With the first two security members already downstairs and out of sight, the third member burst through the door. The gunman, who was crouched behind a round table just inside the doorway, rose to fire. The security team member shot him first.
The gunman fell to the floor, legs splayed.
Canna gathered the trainees as soon as the scenario ended. He has a policeman’s bark, and used it when he told them, “You guys did not work as a team at all. Everybody just got focused on the shots and went on their own path.”

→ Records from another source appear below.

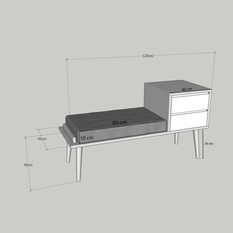 Табуретка шкаф Kalune Design 854KLN3801, 120х45 см, 2 чекмеджета, Меламиново покритие, Кафяв/черен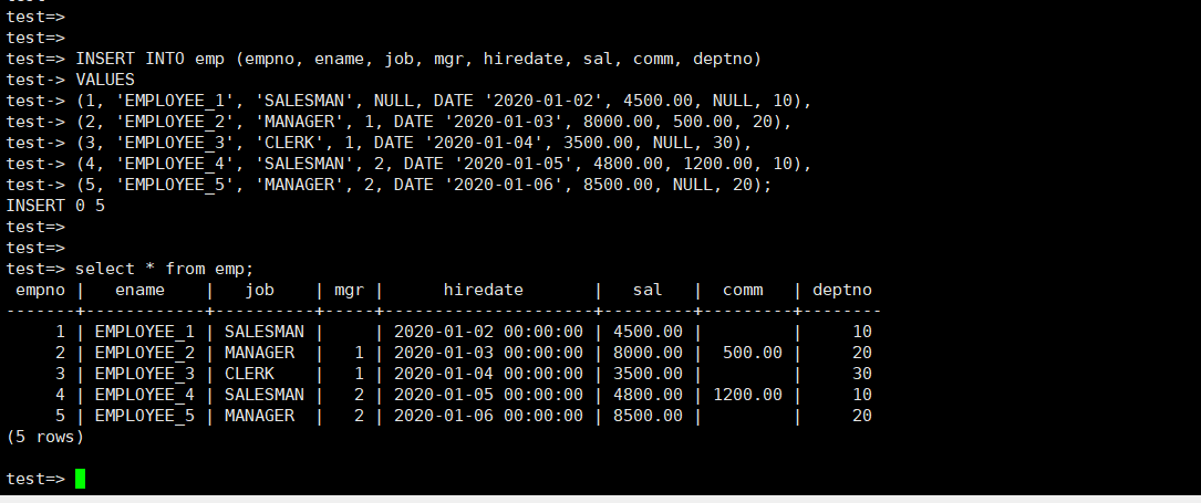 ksql -U system -d test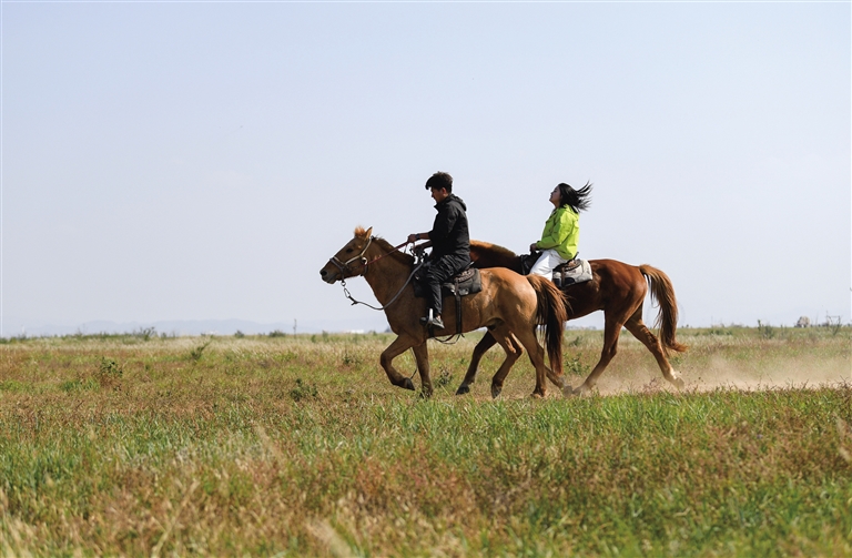 假期期间,鄂尔多斯草原旅游区丰富多彩的文旅活动吸引着众多游客前来。游客们观看国庆特别版实景马术剧《英雄》,骑马漫步草原,感受大自然美景,品尝地道的内蒙古美食。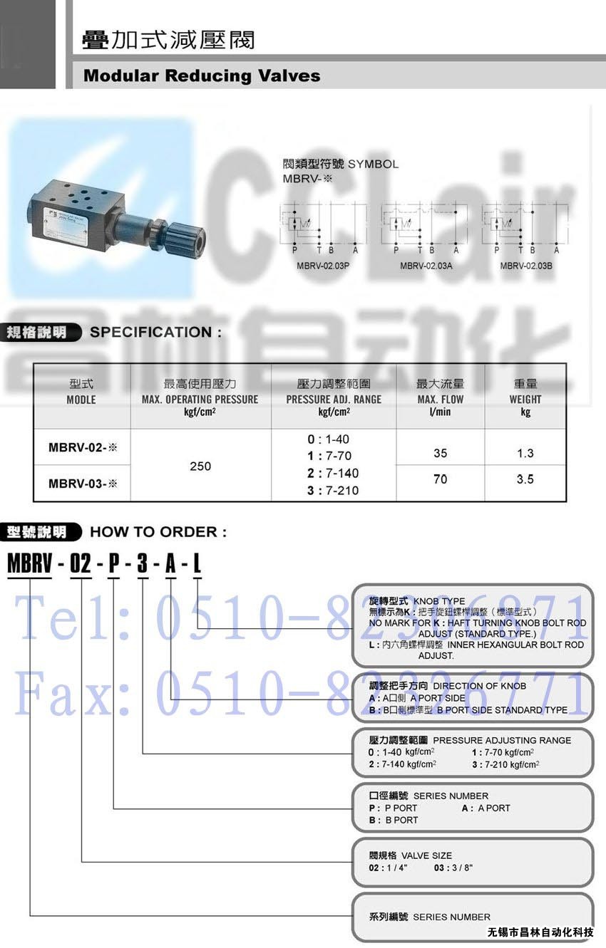 MBRV-03-A-1-B-K,MBRV-03-A-1-B-L,疊加式減壓閥

The team members should have been talking to each other, he said, and not acting individually. The first two guys should not have gone off, he said, and to the man who took down the gunman, he noted, “He could have gotten a shot off on you. If you guys worked as a team, you wouldn’t have been put in that situation.”
Padin, back on his feet and no longer simulating a victim, added, “You still had time where you could have called for reinforcements. ‘Guys, guys, up here, up here!’ ”
It was a tough but necessary lesson.
“A lot of their survivability,” Canna said later, “is based on communication.”
* * *
Zannin, at Cornerstone, has a simple vision for the result this training should yield. “We want to stand here in 10, 20 years, and nothing has ever happened,” he said. “But to stand there and go, ‘How many things did we get in front of, just by doing the job right?’ ”
From the pulpit at Grace Church, Longwell still struggles with the thought – unlikely as it is of ever playing out – of having to hurt someone.
“I am conflicted,” he said. “Because I have devoted my life to saving people. Helping them ... I have made a commitment with my life. But here’s what wins at the end of the day for me: Because I love people, I will fight evil. Maybe that’s a harsh way of saying it.”
Or maybe it’s a true way of addressing a rare but harsh prospect: A shepherd protects.